Ministry posts were handed out to four parties that were in Conte’s imploded coalition, including a small centrist party led by ex-Premier Matteo Renzi, whose defection triggered the political crisis ultimately resolved by Draghi’s arrival on the scene.
The biggest party in the Italian Parliament, the populist 5-Star Movement, has the most political posts in Draghi’s Cabinet, four.

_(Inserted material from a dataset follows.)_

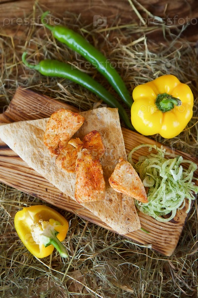 Кусочки жареного мяса на лаваше, подаются со свежим перцем и салатом на деревянной доске

Born as an anti-establishment movement, the Movement was already splintering after being the lead party in back-to-back Conte governments since 2018 _ one right-leaning and the other left-leaning. Its decision to join a Draghi government threatened to widen the fractures in the Movement, with roots in distrust of Brussels.
Clinching populists’ support for Draghi was the former central banker’s creation of a ministry of ecological transition.
The new post will be headed by a physicist and technology champion, Roberto Cingolani.
Back in government after a decade with three ministry posts is the center-right Forza Italia party, led by Silvio Berlusconi, the former premier who bills himself as a staunch champion of Europe.
Ex-Premier Conte, a mediation specialist lawyer who heads no party, is riding high in opinion polls from his 2 1/2 years in office. Many observers consider him ripe to form his own party ahead of the next general election, which is scheduled for 2023 but could come sooner given the political tensions among existing parties.
As Conte strode through the courtyard of Chigi Palace on his way out, career employees of the premier’s office, from bureaucrats to ushers, leaned out of windows to warmly applaud.